*INFORMATION SUPPLIED:*
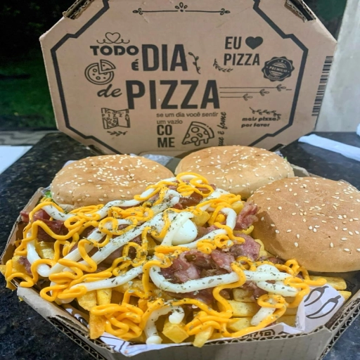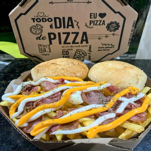 Frango Desfiado, 1 Ovo, Bacon, Calabresa, Queijo, Presunto, Catupiry, Molho Especial, Salada e Batata Palha.
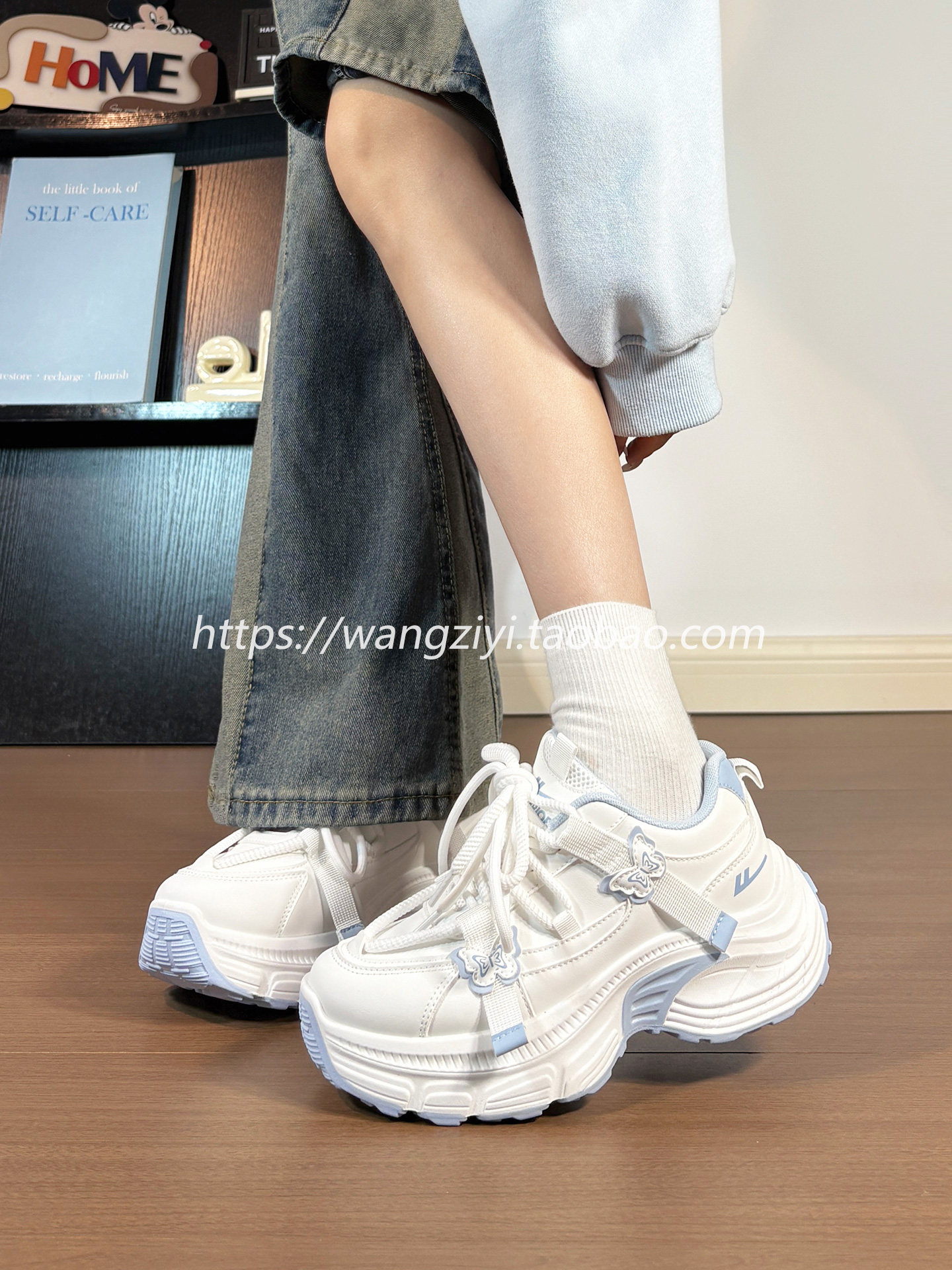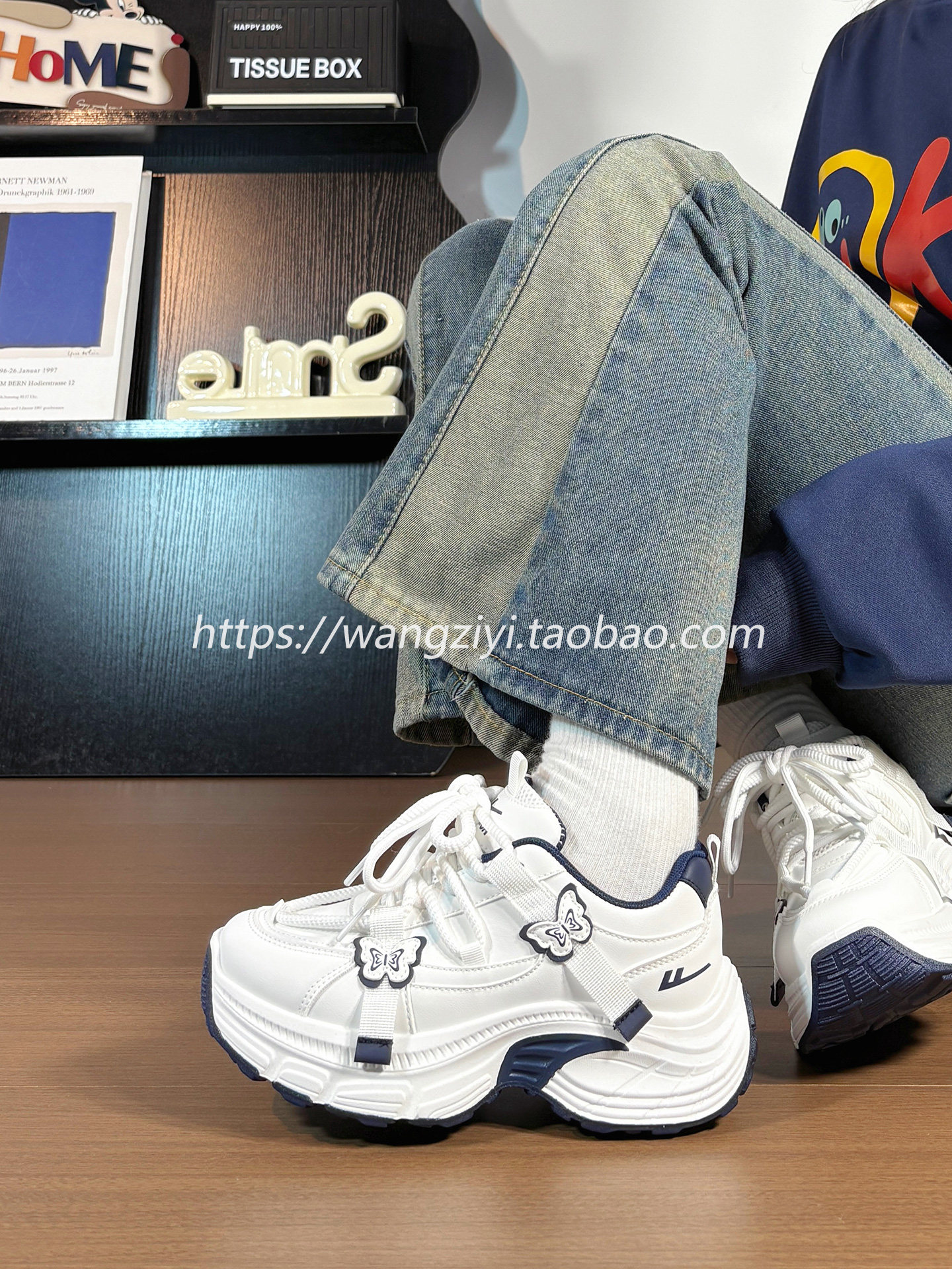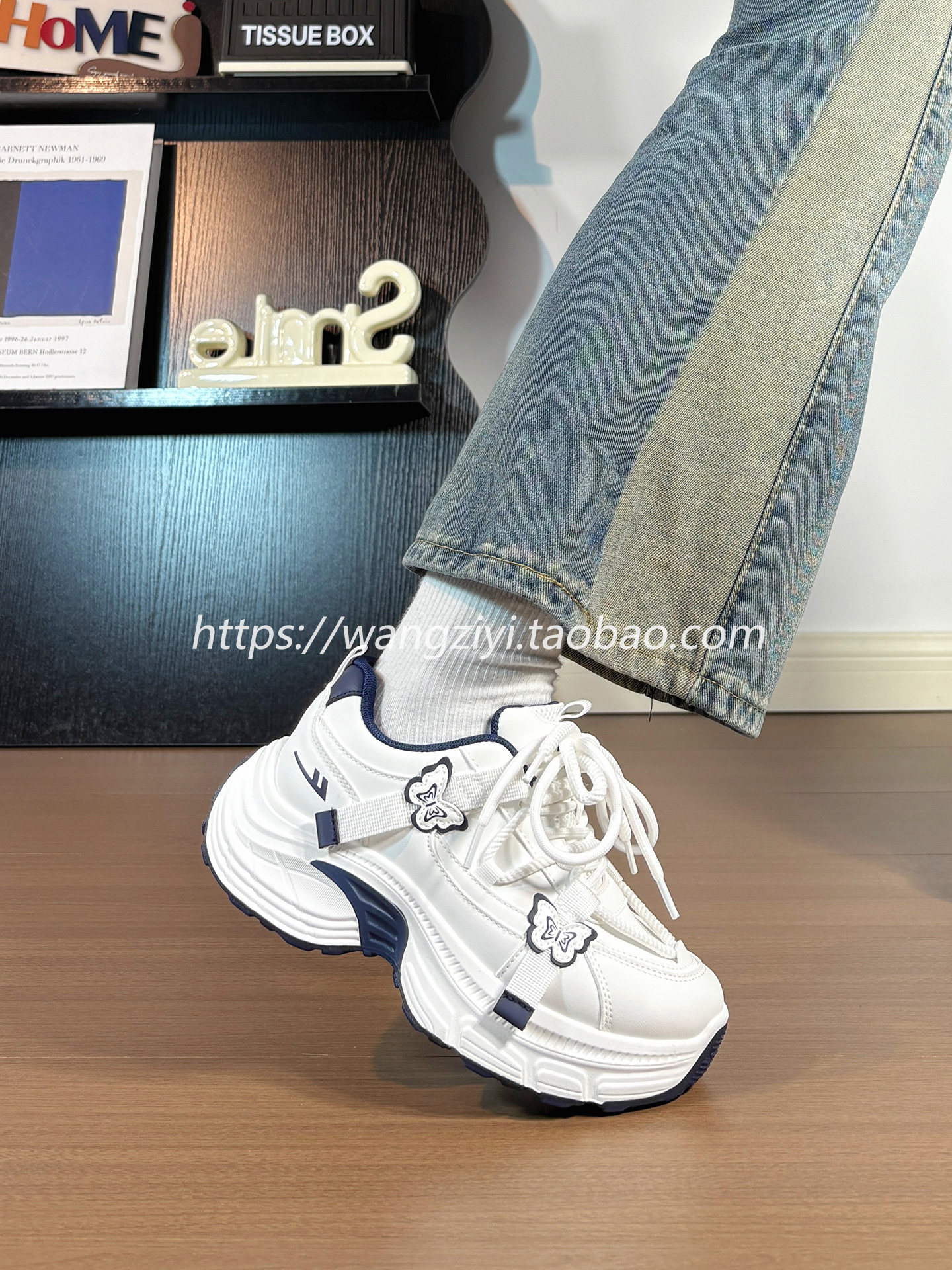 Original Butterfly Sneakers for Women, Leather Upper, Winter Fleece-Lined, Internet Popular Style, Versatile, Warm, Thick-Soled Dad Shoes for Women
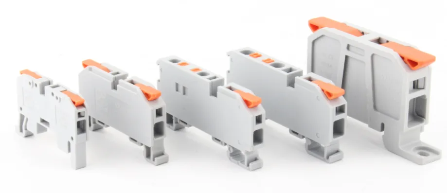 Бързите съединители за снаждане на DIN релса могат лесно да се отварят и преправят многократно, без да се повредят съединителят или проводниците, предлагайки изключителна гъвкавост по време на инсталиране, тестване и бъдещи промени на веригата. Връзките са фиксирани на din rial, за да работят. Позицията на лоста осигурява ясно визуално потвърждение. Лостът надолу показва затворена и защитена връзка, лостът нагоре показва отворено или прекъснато състояние. Ситуацията на лоста помага при отстраняване на неизправности и проверки за безопасност.

*WORK TASK:*
Leave the images aside and retype each line of the listing above exactly.

*ANSWER TO THIS EXERCISE:*
 Frango Desfiado, 1 Ovo, Bacon, Calabresa, Queijo, Presunto, Catupiry, Molho Especial, Salada e Batata Palha.
 Original Butterfly Sneakers for Women, Leather Upper, Winter Fleece-Lined, Internet Popular Style, Versatile, Warm, Thick-Soled Dad Shoes for Women
 Бързите съединители за снаждане на DIN релса могат лесно да се отварят и преправят многократно, без да се повредят съединителят или проводниците, предлагайки изключителна гъвкавост по време на инсталиране, тестване и бъдещи промени на веригата. Връзките са фиксирани на din rial, за да работят. Позицията на лоста осигурява ясно визуално потвърждение. Лостът надолу показва затворена и защитена връзка, лостът нагоре показва отворено или прекъснато състояние. Ситуацията на лоста помага при отстраняване на неизправности и проверки за безопасност.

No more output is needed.